PROBLEM: In the listing that follows, the range to quote begins at the line that has "To perła w sercu" and ends after the line that has "Chata leží v"; quote it verbatim and add nothing.

TASK MATERIAL:

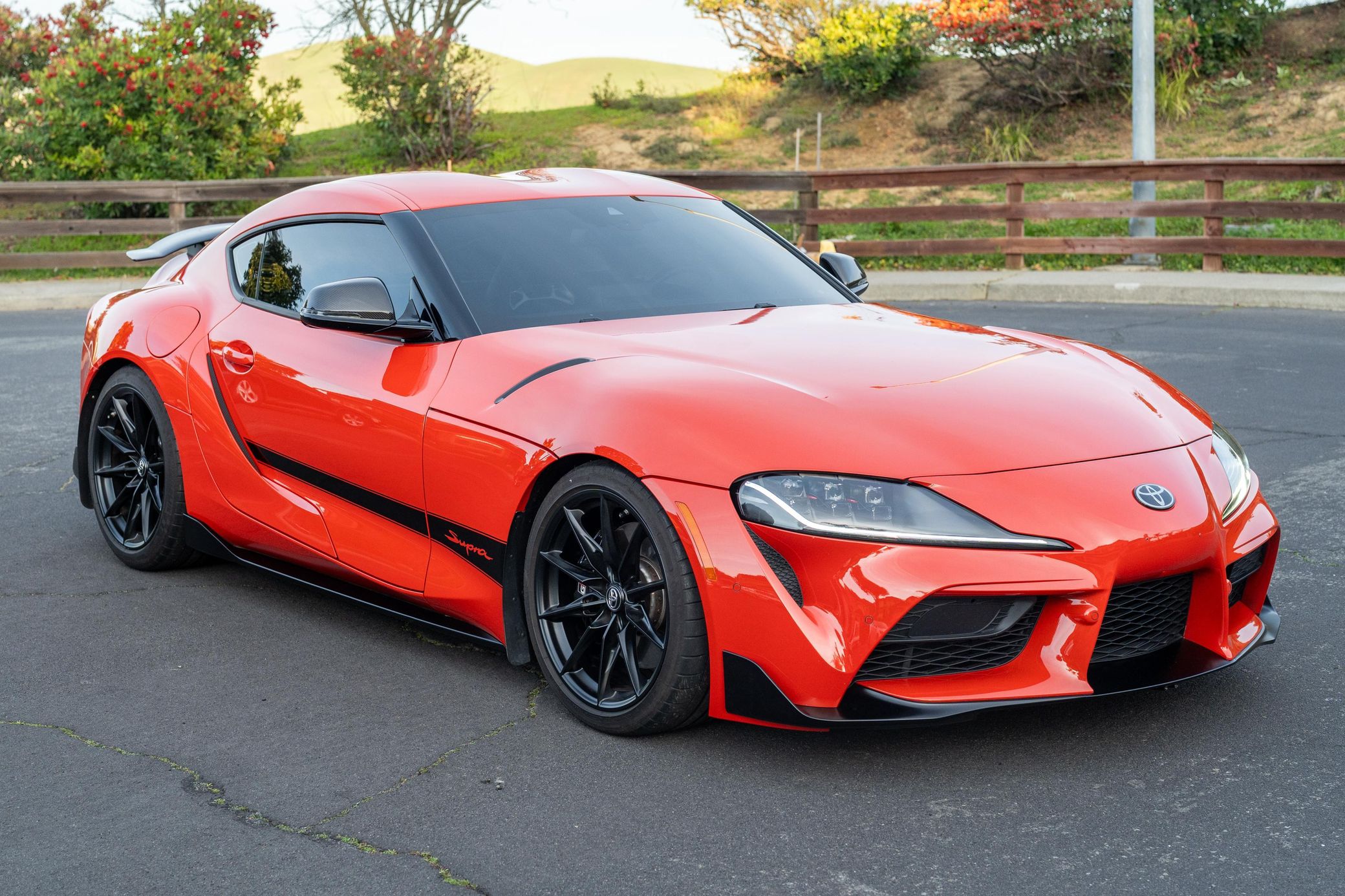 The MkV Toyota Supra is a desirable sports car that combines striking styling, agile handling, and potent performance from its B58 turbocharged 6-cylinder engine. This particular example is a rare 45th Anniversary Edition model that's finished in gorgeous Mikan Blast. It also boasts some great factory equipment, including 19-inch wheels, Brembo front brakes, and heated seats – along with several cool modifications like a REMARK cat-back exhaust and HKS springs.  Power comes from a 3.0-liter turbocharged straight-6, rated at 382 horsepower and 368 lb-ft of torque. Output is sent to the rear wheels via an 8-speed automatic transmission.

--

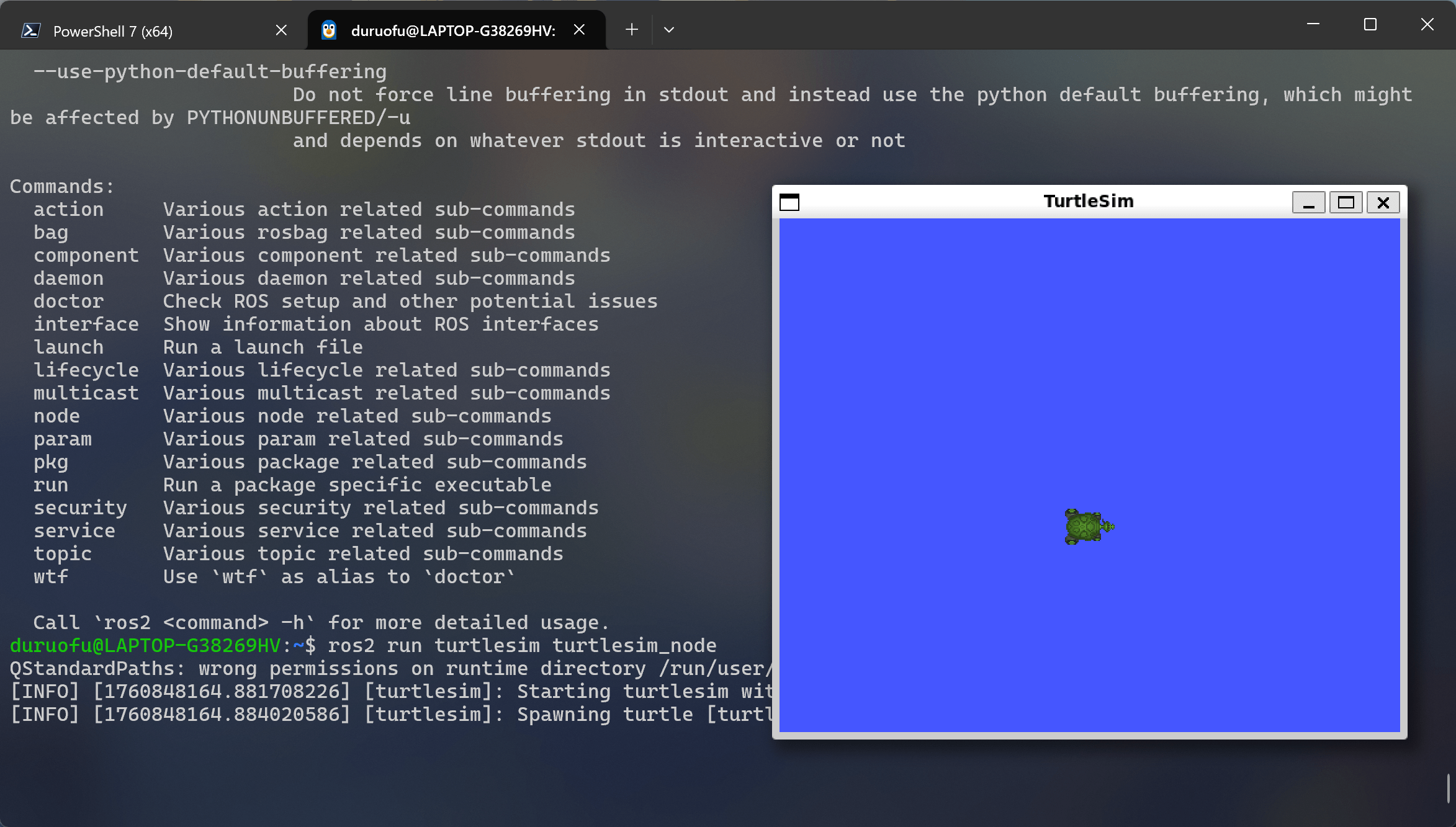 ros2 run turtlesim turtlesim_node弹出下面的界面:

...

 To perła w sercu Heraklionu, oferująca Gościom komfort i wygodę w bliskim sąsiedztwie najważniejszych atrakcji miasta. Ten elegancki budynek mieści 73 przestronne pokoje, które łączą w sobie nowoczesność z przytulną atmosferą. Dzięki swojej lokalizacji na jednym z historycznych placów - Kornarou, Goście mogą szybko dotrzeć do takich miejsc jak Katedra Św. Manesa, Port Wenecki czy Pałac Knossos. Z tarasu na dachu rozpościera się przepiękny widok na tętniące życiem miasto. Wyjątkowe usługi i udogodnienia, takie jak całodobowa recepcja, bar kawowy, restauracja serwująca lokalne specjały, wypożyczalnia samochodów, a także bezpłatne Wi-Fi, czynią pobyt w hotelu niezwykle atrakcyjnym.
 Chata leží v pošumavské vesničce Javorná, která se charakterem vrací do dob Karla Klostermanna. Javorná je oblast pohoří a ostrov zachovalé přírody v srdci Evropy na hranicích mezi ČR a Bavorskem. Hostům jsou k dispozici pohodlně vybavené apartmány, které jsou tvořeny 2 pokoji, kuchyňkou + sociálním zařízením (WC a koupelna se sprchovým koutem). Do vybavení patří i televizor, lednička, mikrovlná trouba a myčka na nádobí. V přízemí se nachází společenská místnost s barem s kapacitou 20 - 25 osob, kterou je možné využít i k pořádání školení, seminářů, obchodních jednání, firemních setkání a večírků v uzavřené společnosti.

WORKED SOLUTION:
 To perła w sercu Heraklionu, oferująca Gościom komfort i wygodę w bliskim sąsiedztwie najważniejszych atrakcji miasta. Ten elegancki budynek mieści 73 przestronne pokoje, które łączą w sobie nowoczesność z przytulną atmosferą. Dzięki swojej lokalizacji na jednym z historycznych placów - Kornarou, Goście mogą szybko dotrzeć do takich miejsc jak Katedra Św. Manesa, Port Wenecki czy Pałac Knossos. Z tarasu na dachu rozpościera się przepiękny widok na tętniące życiem miasto. Wyjątkowe usługi i udogodnienia, takie jak całodobowa recepcja, bar kawowy, restauracja serwująca lokalne specjały, wypożyczalnia samochodów, a także bezpłatne Wi-Fi, czynią pobyt w hotelu niezwykle atrakcyjnym.
 Chata leží v pošumavské vesničce Javorná, která se charakterem vrací do dob Karla Klostermanna. Javorná je oblast pohoří a ostrov zachovalé přírody v srdci Evropy na hranicích mezi ČR a Bavorskem. Hostům jsou k dispozici pohodlně vybavené apartmány, které jsou tvořeny 2 pokoji, kuchyňkou + sociálním zařízením (WC a koupelna se sprchovým koutem). Do vybavení patří i televizor, lednička, mikrovlná trouba a myčka na nádobí. V přízemí se nachází společenská místnost s barem s kapacitou 20 - 25 osob, kterou je možné využít i k pořádání školení, seminářů, obchodních jednání, firemních setkání a večírků v uzavřené společnosti.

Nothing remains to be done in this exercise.